- PROBLEM -
Given these entries, repeat exactly the lines starting with the one that has "A balanced scales" and going on through the one that has "керамикой и бриллиантом", both included, but none of the pictures.

- THE RECORDS -
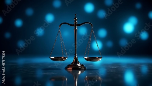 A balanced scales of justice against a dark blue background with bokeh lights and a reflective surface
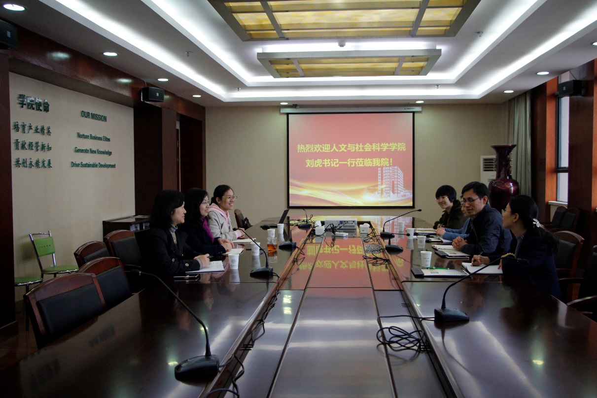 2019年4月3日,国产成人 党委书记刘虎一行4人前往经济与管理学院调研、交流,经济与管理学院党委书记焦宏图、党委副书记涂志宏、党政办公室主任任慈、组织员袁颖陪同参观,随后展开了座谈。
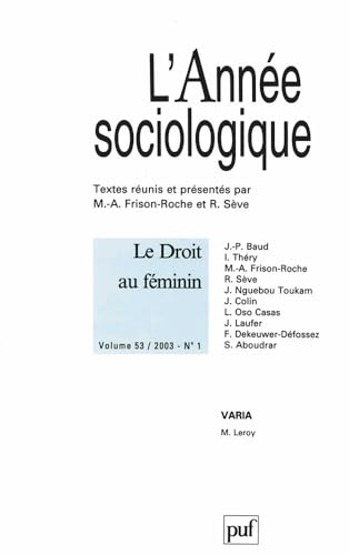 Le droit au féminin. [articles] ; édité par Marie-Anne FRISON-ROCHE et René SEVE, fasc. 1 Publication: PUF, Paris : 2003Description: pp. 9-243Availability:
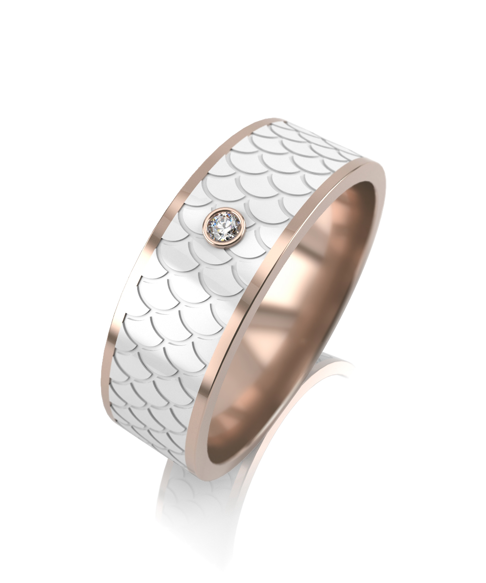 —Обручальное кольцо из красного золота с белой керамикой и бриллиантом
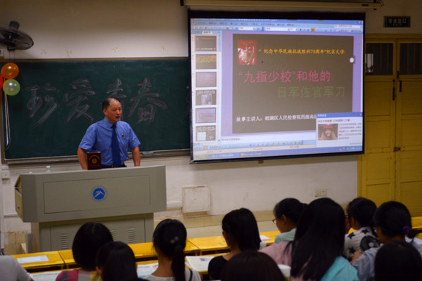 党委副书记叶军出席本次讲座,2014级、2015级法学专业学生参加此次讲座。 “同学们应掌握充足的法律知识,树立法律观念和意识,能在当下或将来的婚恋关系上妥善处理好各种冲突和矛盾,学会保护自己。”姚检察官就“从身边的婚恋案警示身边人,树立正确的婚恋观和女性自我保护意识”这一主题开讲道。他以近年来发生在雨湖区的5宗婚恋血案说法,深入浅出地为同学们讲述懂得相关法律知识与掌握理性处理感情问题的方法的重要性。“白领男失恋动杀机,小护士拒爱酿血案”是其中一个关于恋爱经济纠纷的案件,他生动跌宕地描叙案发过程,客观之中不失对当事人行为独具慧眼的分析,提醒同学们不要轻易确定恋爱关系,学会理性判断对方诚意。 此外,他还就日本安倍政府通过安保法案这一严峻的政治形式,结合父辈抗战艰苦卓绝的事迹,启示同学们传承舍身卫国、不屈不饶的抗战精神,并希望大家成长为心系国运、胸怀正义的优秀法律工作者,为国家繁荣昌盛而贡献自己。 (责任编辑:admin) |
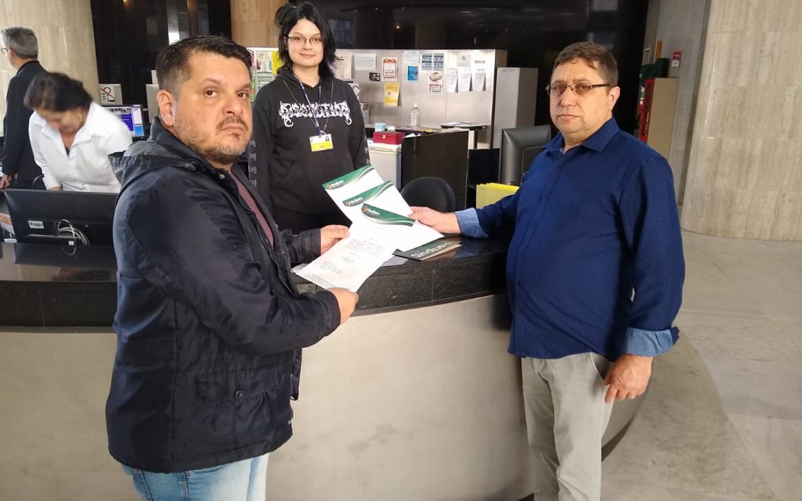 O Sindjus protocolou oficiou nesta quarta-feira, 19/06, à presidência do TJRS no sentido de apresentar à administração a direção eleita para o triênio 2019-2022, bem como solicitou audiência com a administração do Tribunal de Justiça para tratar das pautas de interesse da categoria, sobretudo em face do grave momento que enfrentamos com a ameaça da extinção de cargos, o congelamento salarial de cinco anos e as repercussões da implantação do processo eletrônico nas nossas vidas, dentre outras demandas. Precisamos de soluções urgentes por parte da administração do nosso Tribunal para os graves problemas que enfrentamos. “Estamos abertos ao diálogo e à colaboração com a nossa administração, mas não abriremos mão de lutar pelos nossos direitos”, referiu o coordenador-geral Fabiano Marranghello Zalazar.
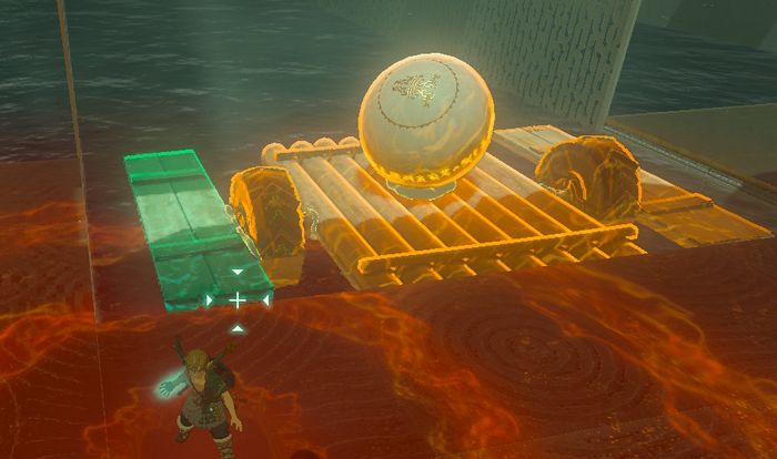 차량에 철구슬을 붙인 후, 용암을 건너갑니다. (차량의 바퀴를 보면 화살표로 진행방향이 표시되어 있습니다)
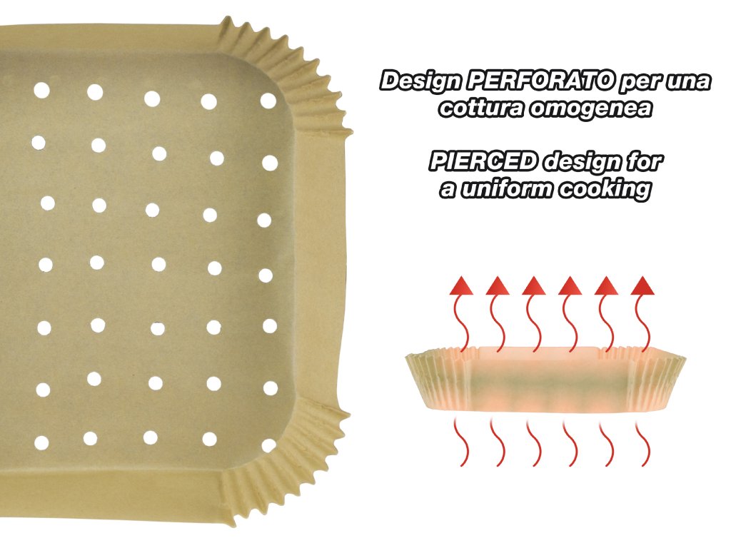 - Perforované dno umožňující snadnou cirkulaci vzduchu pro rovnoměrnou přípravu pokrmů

---

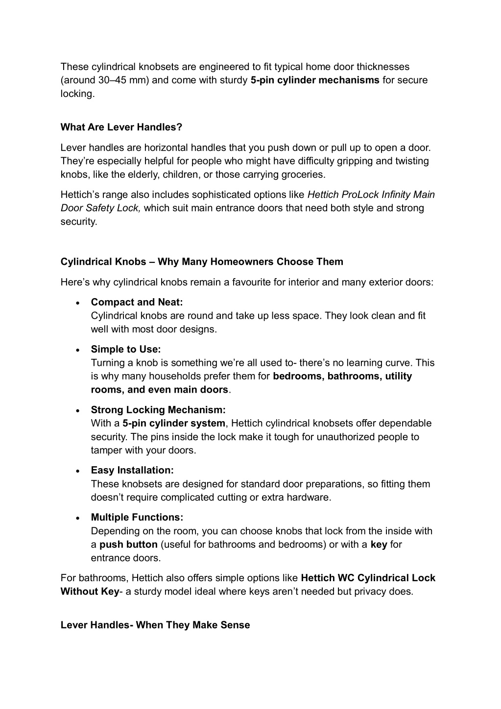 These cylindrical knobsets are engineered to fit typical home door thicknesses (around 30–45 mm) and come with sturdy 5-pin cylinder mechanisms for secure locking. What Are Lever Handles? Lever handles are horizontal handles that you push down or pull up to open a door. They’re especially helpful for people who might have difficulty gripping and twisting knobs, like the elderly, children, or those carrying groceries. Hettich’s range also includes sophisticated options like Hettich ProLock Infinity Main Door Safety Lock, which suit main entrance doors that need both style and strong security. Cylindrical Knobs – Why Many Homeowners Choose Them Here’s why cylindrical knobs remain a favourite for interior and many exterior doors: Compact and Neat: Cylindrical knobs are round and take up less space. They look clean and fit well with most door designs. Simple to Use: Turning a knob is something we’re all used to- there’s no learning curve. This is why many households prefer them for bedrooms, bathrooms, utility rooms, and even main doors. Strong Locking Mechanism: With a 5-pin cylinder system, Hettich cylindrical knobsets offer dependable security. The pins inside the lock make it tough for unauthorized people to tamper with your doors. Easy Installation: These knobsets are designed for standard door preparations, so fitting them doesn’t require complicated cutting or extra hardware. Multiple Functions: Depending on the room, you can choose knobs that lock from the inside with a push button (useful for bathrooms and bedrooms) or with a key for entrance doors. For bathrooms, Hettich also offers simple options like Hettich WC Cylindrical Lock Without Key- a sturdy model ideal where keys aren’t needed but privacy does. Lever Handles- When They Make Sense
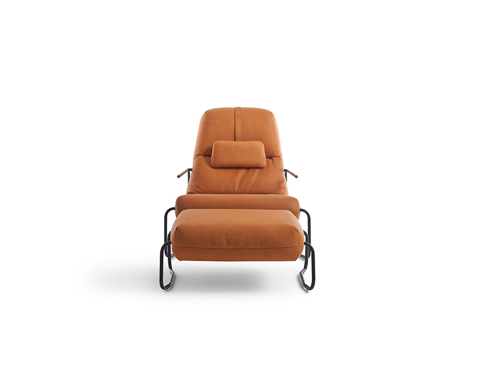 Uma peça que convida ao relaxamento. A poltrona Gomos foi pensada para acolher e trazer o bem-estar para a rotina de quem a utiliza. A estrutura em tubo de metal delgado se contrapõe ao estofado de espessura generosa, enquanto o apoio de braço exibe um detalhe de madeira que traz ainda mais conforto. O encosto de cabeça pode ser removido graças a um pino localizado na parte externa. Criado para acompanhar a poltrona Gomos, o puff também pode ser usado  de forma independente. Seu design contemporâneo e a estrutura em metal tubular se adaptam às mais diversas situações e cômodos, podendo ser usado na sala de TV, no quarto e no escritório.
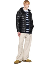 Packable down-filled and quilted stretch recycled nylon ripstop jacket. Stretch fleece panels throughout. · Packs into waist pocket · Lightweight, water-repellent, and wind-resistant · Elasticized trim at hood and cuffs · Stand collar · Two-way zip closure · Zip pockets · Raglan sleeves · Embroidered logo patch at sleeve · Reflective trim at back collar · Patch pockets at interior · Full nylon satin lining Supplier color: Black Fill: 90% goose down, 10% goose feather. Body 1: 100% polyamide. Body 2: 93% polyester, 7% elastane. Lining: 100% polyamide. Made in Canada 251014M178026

- RESPONSE FOR THIS EXERCISE -
 A balanced scales of justice against a dark blue background with bokeh lights and a reflective surface
 2019年4月3日,国产成人 党委书记刘虎一行4人前往经济与管理学院调研、交流,经济与管理学院党委书记焦宏图、党委副书记涂志宏、党政办公室主任任慈、组织员袁颖陪同参观,随后展开了座谈。
 Le droit au féminin. [articles] ; édité par Marie-Anne FRISON-ROCHE et René SEVE, fasc. 1 Publication: PUF, Paris : 2003Description: pp. 9-243Availability:
 —Обручальное кольцо из красного золота с белой керамикой и бриллиантом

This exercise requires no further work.